海外転勤者や日本に居住していない方(非居住者)が所有する不動産を賃貸し所得がある場合、賃借人に手間がかかる場合があります。非居住者の申告漏れを防ぐ目的から、賃料を支払うもの(賃借人)が一定割合の金額(賃料の20.42%相当額)を源泉徴収して税務署に前納する必要があります。その賃料から源泉徴収された後の金額(賃料の79.58%)を貸主へ振り込むことになります。

また、この一定割合の金額を算出する基となる金額は、事業用物件の場合は賃料等から消費税を引いた額に対してです。
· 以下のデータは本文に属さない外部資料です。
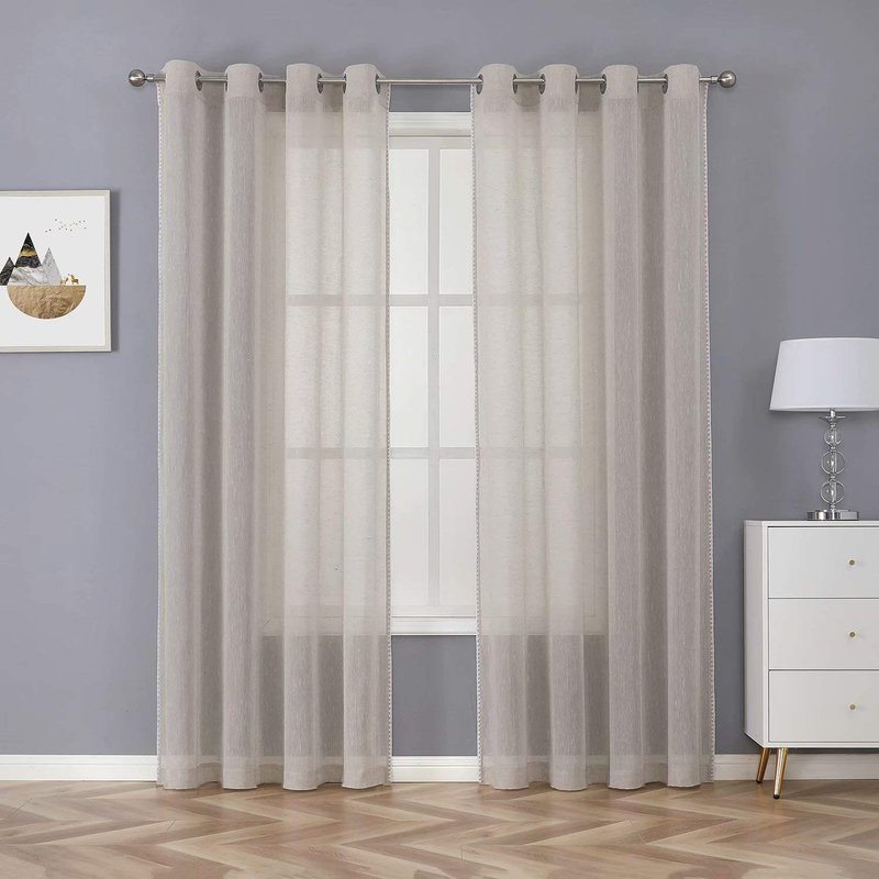 - What’s in the package: Each Package includes 2 sheer curtains with border, which are crafted of soft and sturdy linen textured fabric. Each curtain panel is easy to install and slide with 8 grommets on top, fit up to 1.6 inches diameter curtain rods.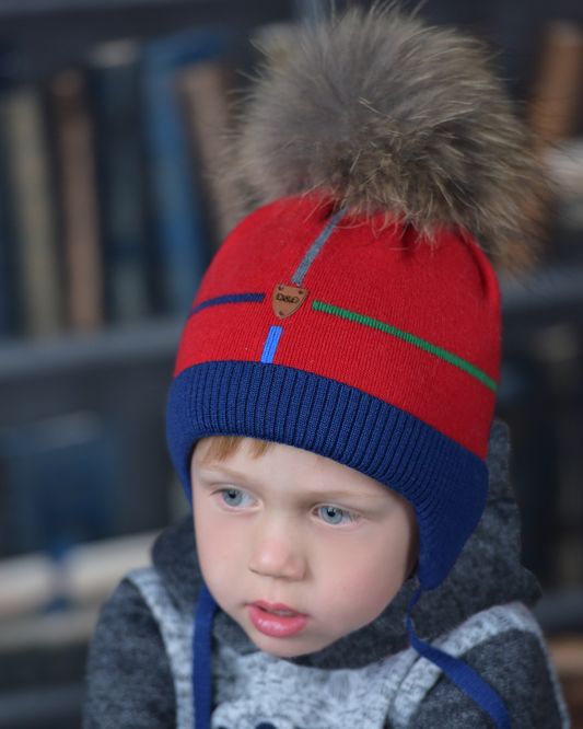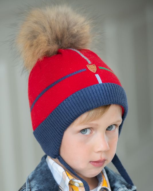 Декор: кожаный лейбл; Помпон: енот натуральный

更に、賃料と管理費や共益費を合わせた金額からとなります。事業用物件の場合、賃貸借契約書に消費税の内訳や消費税に関する文言が一切入っていないときでも賃料に消費税が含まれると解されます。貸主が消費税の課税事業者か非課税事業者かも問いません。事業用物件で消費税が入っていない契約はないということになります。

 

「借主が源泉徴収しなければいけないケース」

貸主が非居住者であること

借主が法人の場合は、事業用・居住用問わず

借主が個人の場合は、事業用・借主本人又は親族以外のものが居住するとき

 

※借主が個人かつ、借主本人又は親族が居住の用に供する場合は、借主が源泉徴収する必要はありません。

※非居住者が日本国内の納税管理人を選任することもできます。法人個人問わず

※親族とは、民法725条に配偶者、6親等以内の血族および3親等以内の姻族と定められています。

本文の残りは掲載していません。